Good morning all. I actually woke up a minute before my alarm today. I feel well rested and while I am looking forward to my coffee, it isn’t a desperate longing. I actually got enough sleep last night. It feels a little strange to be honest. Usually I am not ready to face the morning but wishing it would hold off its expectations for a few more hours. I feel slightly off balance. But nevertheless, we will go forward into the morning. Ready for the prompt? Good, then let’s see what comes out of the brain today.
Interesting. I actually have a place I can use a part of this to be honest. It will need cleaning up, and isn’t all that dramatic, but I can definitely use it. Always a plus.
Monday, July 18th: The Empire could breathe again.
The Empire could breathe again. With someplace to send their excess population, the overcrowding that was nearly their downfall had a remedy. The problem was how to convince people to go. The right people of course.
They started with those who craved adventure. Those who felt that the main body of the Empire was too stifling. Recruitment speeches featuring tales of adventure and opportunity were featured in every drawing room, salon and town lecture hall.
Many took to the speak. Second and third sons with hale and hearty parents and older siblings and those who simply had a restlessness within them soon took up the call. But it wasn’t enough. Calling on the upper classes alone would not help with clearing out the most overcrowded areas of the densely packed cities.
Those in charge switched tactics. Opportunity as well as adventure now awaited, the word foremost on the tongue of those recruiting. Opportunity for a better life, to escape the grinding poverty of their current circumstances to live as they wanted to live. It was an addictive elixir.

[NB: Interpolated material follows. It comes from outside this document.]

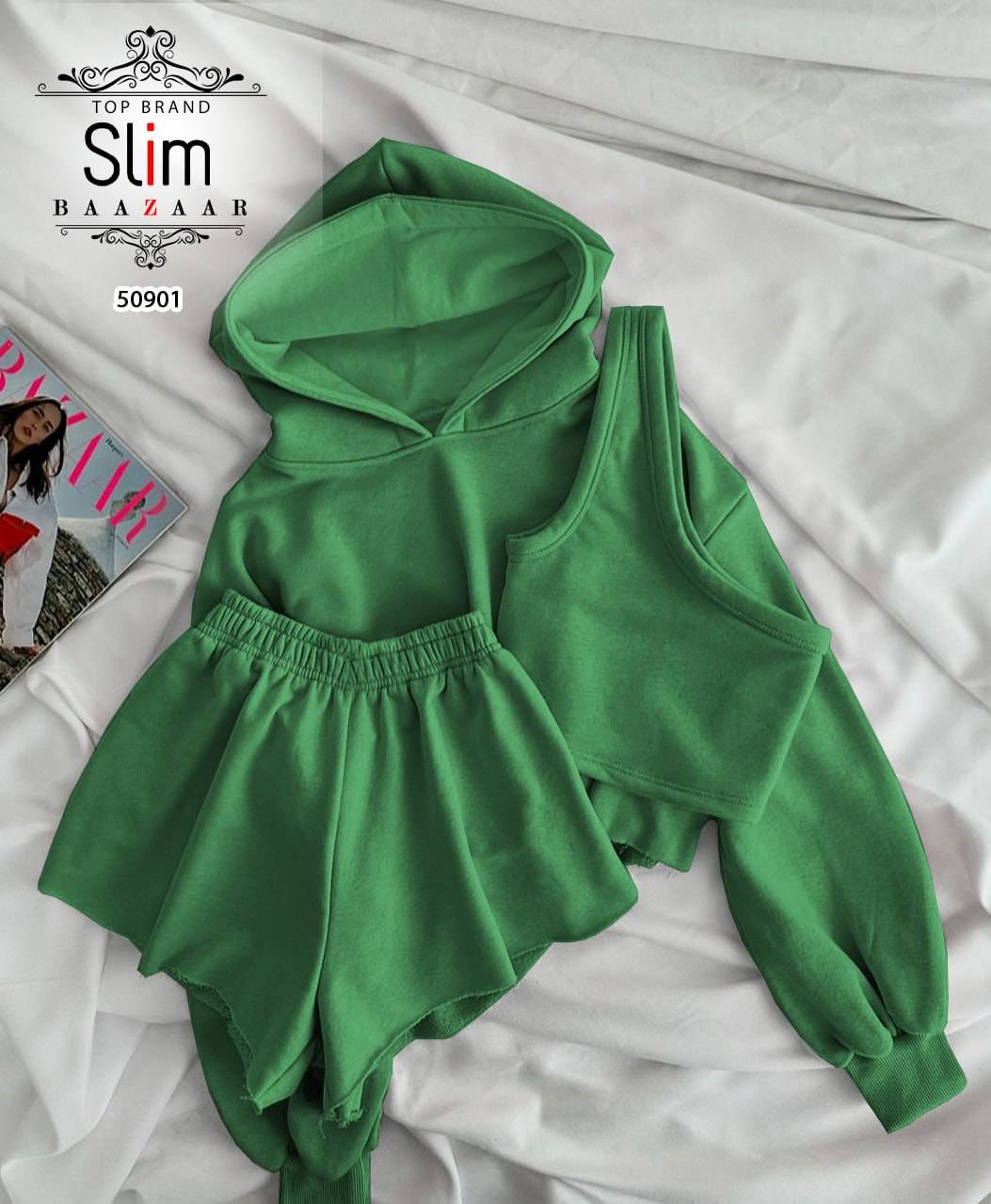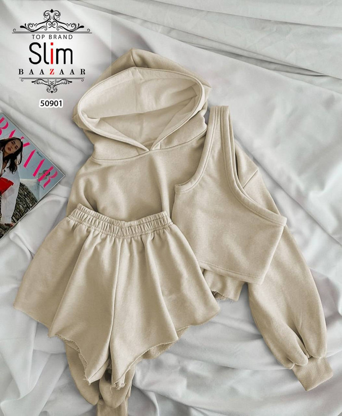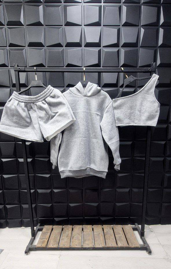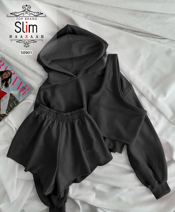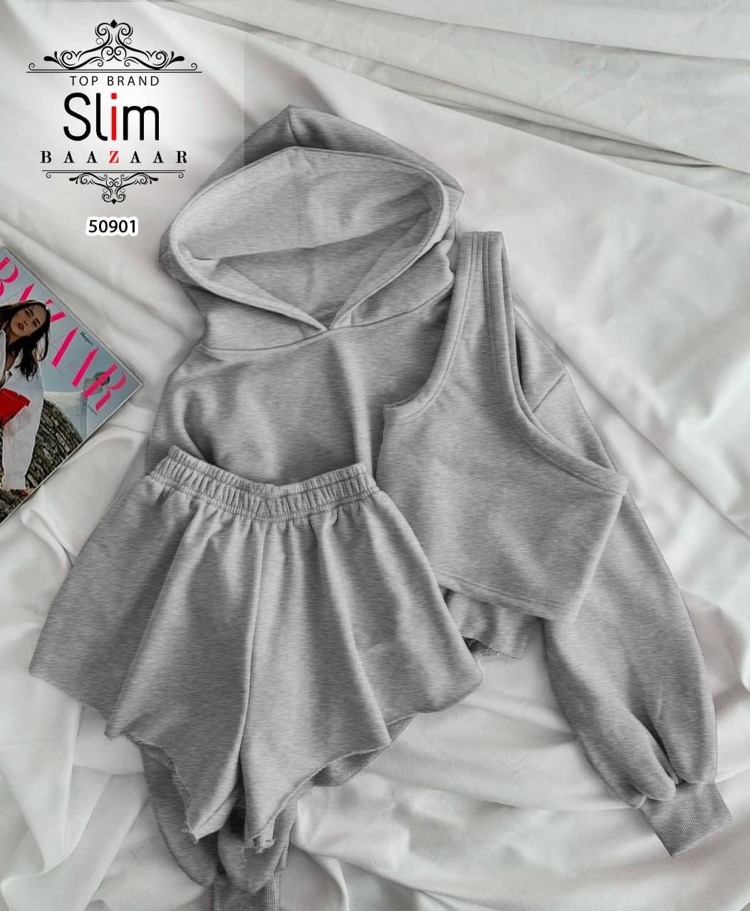 سه تیکه کراپ شورتک دامنی هودی کد 50901

Ships filled with the eager began to leave the docks like flocks of birds departing for the winter. Not all of them survived the journey, but there were always more to send. Someone saw the death rate and began to have the idea of sending criminals as well as the willing. The jails were overcrowded and the scaffolds groaning,. This at least offered the opportunity of reprieve without allowing them back on the streets.
Many of them would die in transport too, but those that survive would have their labor put to good use. It turned out carving out a new life in a land so far from anything they were used to was difficult work.
Gradually the Empire began to breathe again. There was space, and many of those causing issues had simply been sent away. Then as a miracle, the opportunities they used as propaganda began to bear fruit. Amidst the hard labor and difficulties, profit was found. It flowed in a steady stream of taxes and the Empire felt pleased with itself. It had solved one of it’s greatest problems and benefited greatly in doing so.
But then things began to change. Those sent over because they wanted a different life from that found within the heart of the Empire, began crafting a different sort of life. Those who chafed at the restrictions placed upon them left those restrictions behind. Gradually those who left became something other, something new, something different than the Empire.